Chen Hang-Kang, Wang Yen-Hsin, Lei Cing-Syuan, Guo Yu-Ru, Tang Ming-Chi, Tsai Ting-Fen, Chen Yi-Fan, Wang Chih-Hung
Graduate Institute of Medical Sciences, National Defense Medical Center, Taipei 114201, Taiwan.
Graduate Institute of Microbiology and Immunology, National Defense Medical Center, Taipei 114201, Taiwan.
Aging Dis. 2024 Aug 24;16(4):2468-2482. doi: 10.14336/AD.2024.1036.
Age-related hearing loss (ARHL) is a disease that impacts human quality of life and contributes to the progression of other neuronal problems. Various stressors induce an increase in free radicals, destroy mitochondria to further contribute to cellular malfunction, and compromise cell viability, ultimately leading to functional decline. Cisd2, a master gene for Marfan syndrome, plays an essential role in maintaining mitochondrial integrity and functions. As shown by our data, specific deletion of Cisd2 in the cochlea exacerbated the hearing impairment of ARHL in C57BL/6 mice. Increased defects in mitochondrial function, potassium homeostasis and synapse activity were observed in the Cisd2-deleted mouse models. These mechanistic phenotypes combined with oxidative stress contribute to cell death in the whole cochlea. Human patients with obviously deteriorated ARHL had low Cisd2 expression; therefore, Cisd2 may be a potential target for designing therapeutic methods to attenuate the disease progression of ARHL.
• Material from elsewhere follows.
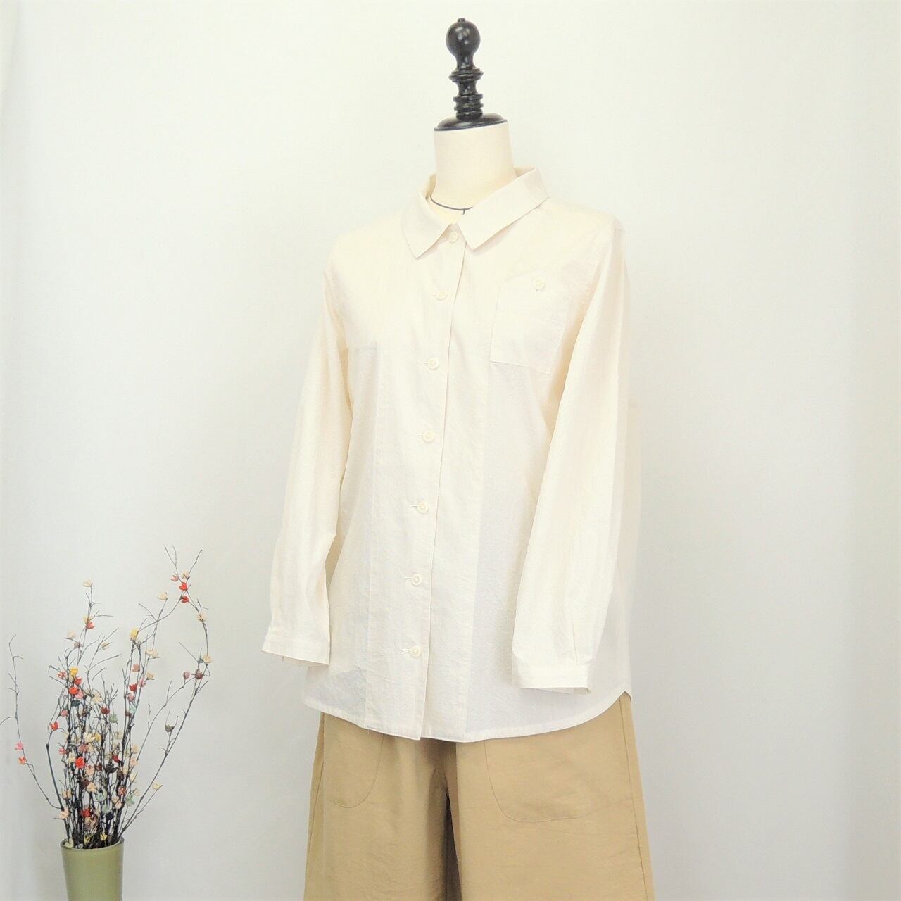 何にでも合わせやすいプレーンな長袖のブラウスです。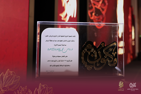 وفي ختام الحفل كرمت سمو راعية الحفل المدارس المتميزة في تخريج الخاتمات لعام 1445هـ، والجهات الإشرافية على الجمعية والجهات الراعية للحفل، والجهات الشريكة، كما تسلَّمت هدية تذكارية من الجمعية.

年龄相关性听力损失(ARHL)是一种影响人类生活质量并促使其他神经问题发展的疾病。各种应激源会导致自由基增加,破坏线粒体,进一步导致细胞功能紊乱,并损害细胞活力,最终导致功能衰退。Cisd2是马凡综合征的主基因,在维持线粒体完整性和功能方面发挥着重要作用。我们的数据表明,耳蜗中Cisd2的特异性缺失加剧了C57BL/6小鼠ARHL的听力损伤。在Cisd2缺失的小鼠模型中观察到线粒体功能、钾离子稳态和突触活动的缺陷增加。这些机制性表型与氧化应激共同导致整个耳蜗中的细胞死亡。ARHL明显恶化的人类患者Cisd2表达较低;因此,Cisd2可能是设计治疗方法以减缓ARHL疾病进展的潜在靶点。